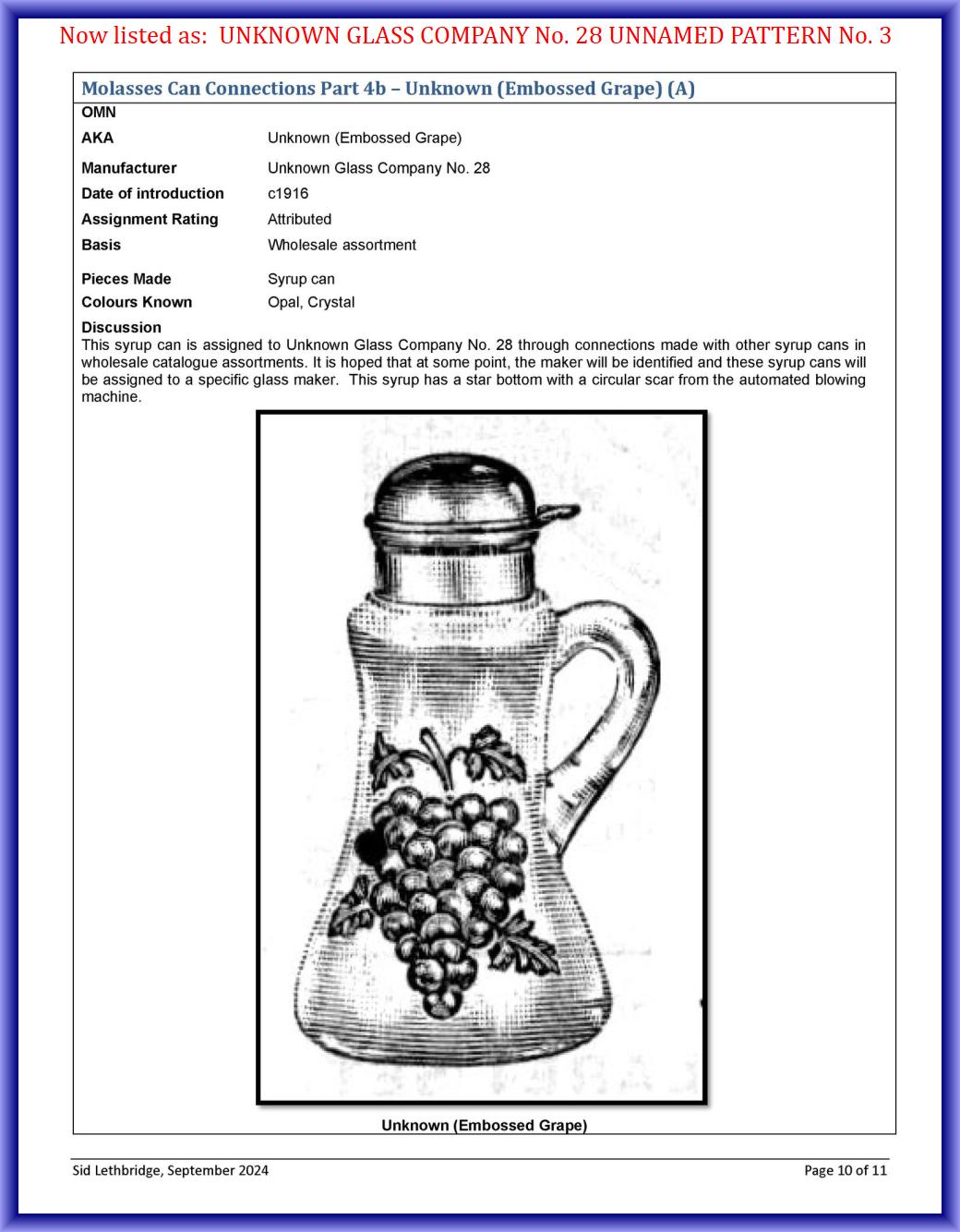UNKNOWN GLASS COMPANY No. 28 UNNAMED PATTERN No. 3
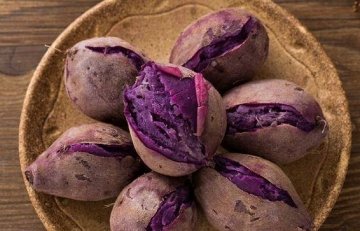 步骤一:把紫薯用清水洗干净,用削皮刀削去外皮,用刀切成薄片,放在盘子里,上锅蒸二十分钟,蒸熟以后取出,把紫薯片倒在一个大碗里,用勺子趁热压成紫薯泥,压好后,稍微放凉。
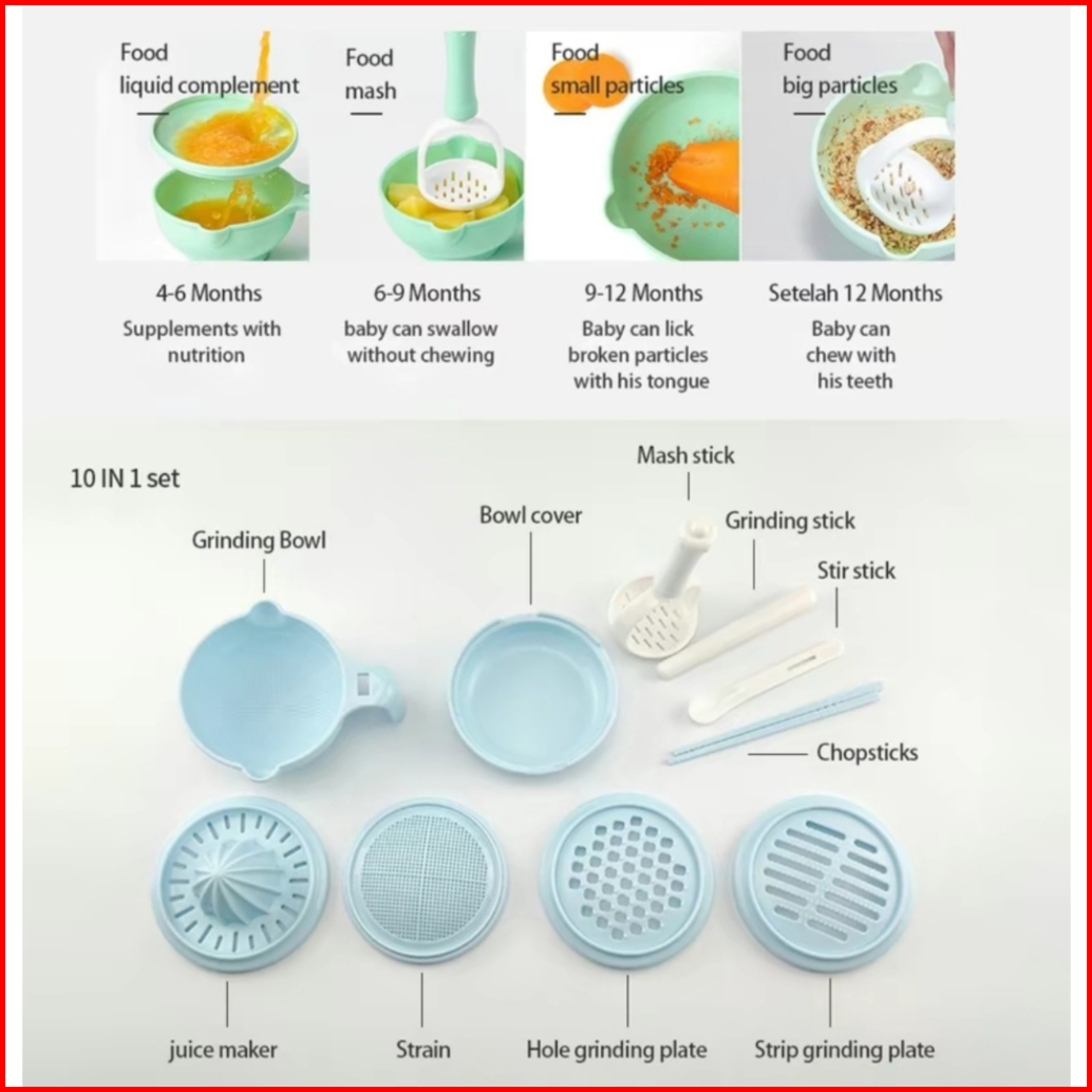 Hippo Land Multifungsi Grinding Bowl Baby Food Maker Alat Pembuat Makanan Bayi Mpasi Anak Set Isi 10 Pcs Mangkok Tempat
───
**Work instructions**
When you write out the material again, keep every word exact and omit the pictures.

**Written solution**
UNKNOWN GLASS COMPANY No. 28 UNNAMED PATTERN No. 3
 步骤一:把紫薯用清水洗干净,用削皮刀削去外皮,用刀切成薄片,放在盘子里,上锅蒸二十分钟,蒸熟以后取出,把紫薯片倒在一个大碗里,用勺子趁热压成紫薯泥,压好后,稍微放凉。
 Hippo Land Multifungsi Grinding Bowl Baby Food Maker Alat Pembuat Makanan Bayi Mpasi Anak Set Isi 10 Pcs Mangkok Tempat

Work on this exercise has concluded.